◆ **GIVEN ENTRIES**:
■ ■ ■ ■

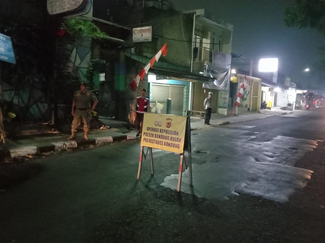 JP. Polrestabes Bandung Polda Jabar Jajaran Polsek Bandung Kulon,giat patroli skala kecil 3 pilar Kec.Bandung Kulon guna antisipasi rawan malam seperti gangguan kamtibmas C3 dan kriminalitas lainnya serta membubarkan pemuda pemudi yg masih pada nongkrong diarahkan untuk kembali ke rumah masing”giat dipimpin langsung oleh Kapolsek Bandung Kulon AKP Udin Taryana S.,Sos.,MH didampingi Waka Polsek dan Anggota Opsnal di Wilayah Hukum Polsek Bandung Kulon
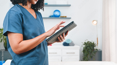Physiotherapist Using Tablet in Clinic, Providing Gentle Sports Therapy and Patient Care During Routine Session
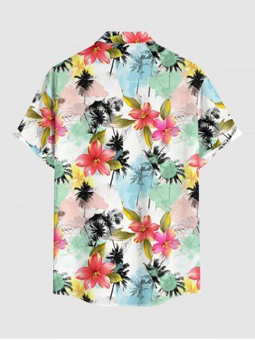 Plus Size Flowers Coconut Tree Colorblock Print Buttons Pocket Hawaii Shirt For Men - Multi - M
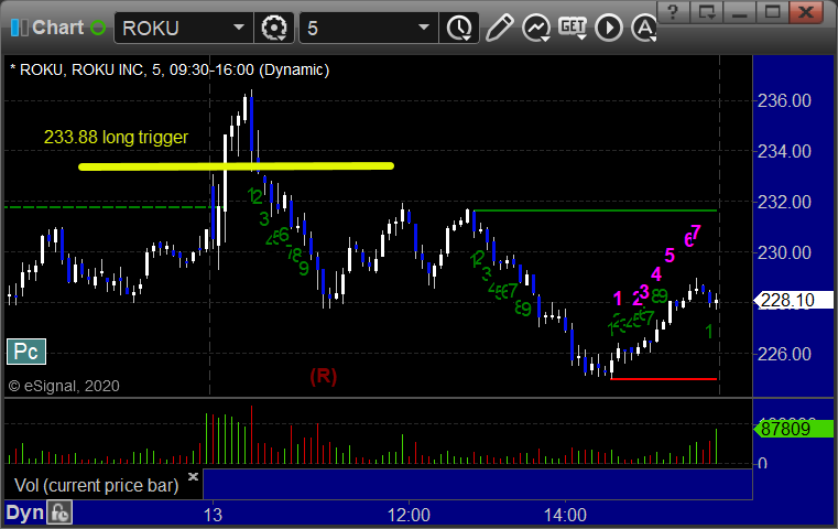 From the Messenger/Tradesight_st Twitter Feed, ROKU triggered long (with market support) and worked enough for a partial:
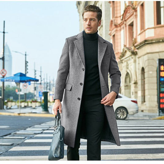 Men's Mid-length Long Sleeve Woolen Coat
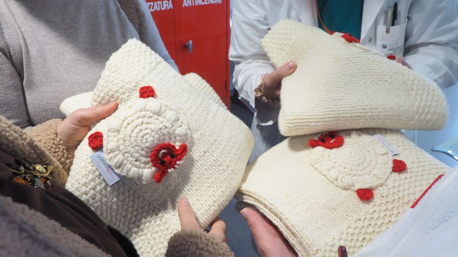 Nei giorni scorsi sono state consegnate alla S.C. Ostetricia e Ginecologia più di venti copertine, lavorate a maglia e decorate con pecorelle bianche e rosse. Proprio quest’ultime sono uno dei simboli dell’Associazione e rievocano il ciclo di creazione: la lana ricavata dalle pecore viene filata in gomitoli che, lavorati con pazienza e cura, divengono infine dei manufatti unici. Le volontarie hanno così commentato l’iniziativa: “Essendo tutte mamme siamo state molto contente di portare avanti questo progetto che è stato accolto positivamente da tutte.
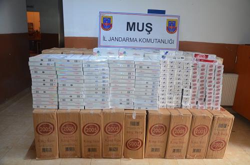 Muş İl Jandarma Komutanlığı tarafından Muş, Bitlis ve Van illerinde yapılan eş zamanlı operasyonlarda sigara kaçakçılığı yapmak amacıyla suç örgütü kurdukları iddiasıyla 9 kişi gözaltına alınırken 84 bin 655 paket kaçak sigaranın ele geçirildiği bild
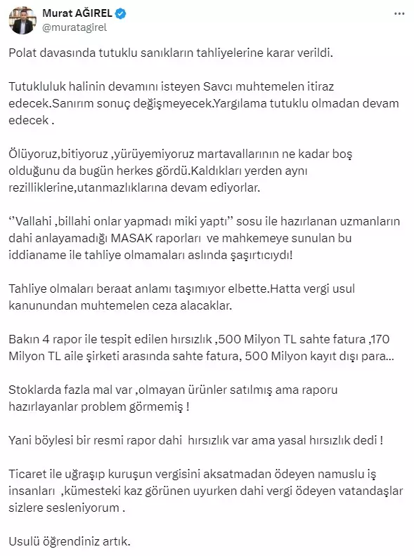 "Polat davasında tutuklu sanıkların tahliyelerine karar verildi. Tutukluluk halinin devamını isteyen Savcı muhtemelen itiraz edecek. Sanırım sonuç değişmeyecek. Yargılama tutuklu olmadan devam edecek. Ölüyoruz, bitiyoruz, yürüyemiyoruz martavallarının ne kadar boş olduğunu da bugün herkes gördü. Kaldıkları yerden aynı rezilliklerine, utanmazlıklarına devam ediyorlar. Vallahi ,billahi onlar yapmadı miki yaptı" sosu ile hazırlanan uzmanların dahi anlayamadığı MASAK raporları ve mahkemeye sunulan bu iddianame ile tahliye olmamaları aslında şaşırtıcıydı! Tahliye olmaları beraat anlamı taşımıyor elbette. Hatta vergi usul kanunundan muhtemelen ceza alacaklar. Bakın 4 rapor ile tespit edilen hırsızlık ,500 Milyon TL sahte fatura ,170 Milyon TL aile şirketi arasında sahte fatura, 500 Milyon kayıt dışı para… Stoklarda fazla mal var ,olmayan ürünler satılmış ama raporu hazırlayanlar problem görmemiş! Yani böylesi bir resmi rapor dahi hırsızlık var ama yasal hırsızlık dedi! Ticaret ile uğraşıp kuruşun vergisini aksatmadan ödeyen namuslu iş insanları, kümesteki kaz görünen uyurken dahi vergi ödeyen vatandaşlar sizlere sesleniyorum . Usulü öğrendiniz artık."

■ ■ ■ ■

◆ **TASK GOAL**:
Both ends included, copy word for word the lines from the top of the entries above through the line with "Men's Mid-length Long Sleeve Woolen Coat". No pictures.

◆ **SOLUTION**:
 JP. Polrestabes Bandung Polda Jabar Jajaran Polsek Bandung Kulon,giat patroli skala kecil 3 pilar Kec.Bandung Kulon guna antisipasi rawan malam seperti gangguan kamtibmas C3 dan kriminalitas lainnya serta membubarkan pemuda pemudi yg masih pada nongkrong diarahkan untuk kembali ke rumah masing”giat dipimpin langsung oleh Kapolsek Bandung Kulon AKP Udin Taryana S.,Sos.,MH didampingi Waka Polsek dan Anggota Opsnal di Wilayah Hukum Polsek Bandung Kulon
Physiotherapist Using Tablet in Clinic, Providing Gentle Sports Therapy and Patient Care During Routine Session
 Plus Size Flowers Coconut Tree Colorblock Print Buttons Pocket Hawaii Shirt For Men - Multi - M
 From the Messenger/Tradesight_st Twitter Feed, ROKU triggered long (with market support) and worked enough for a partial:
 Men's Mid-length Long Sleeve Woolen Coat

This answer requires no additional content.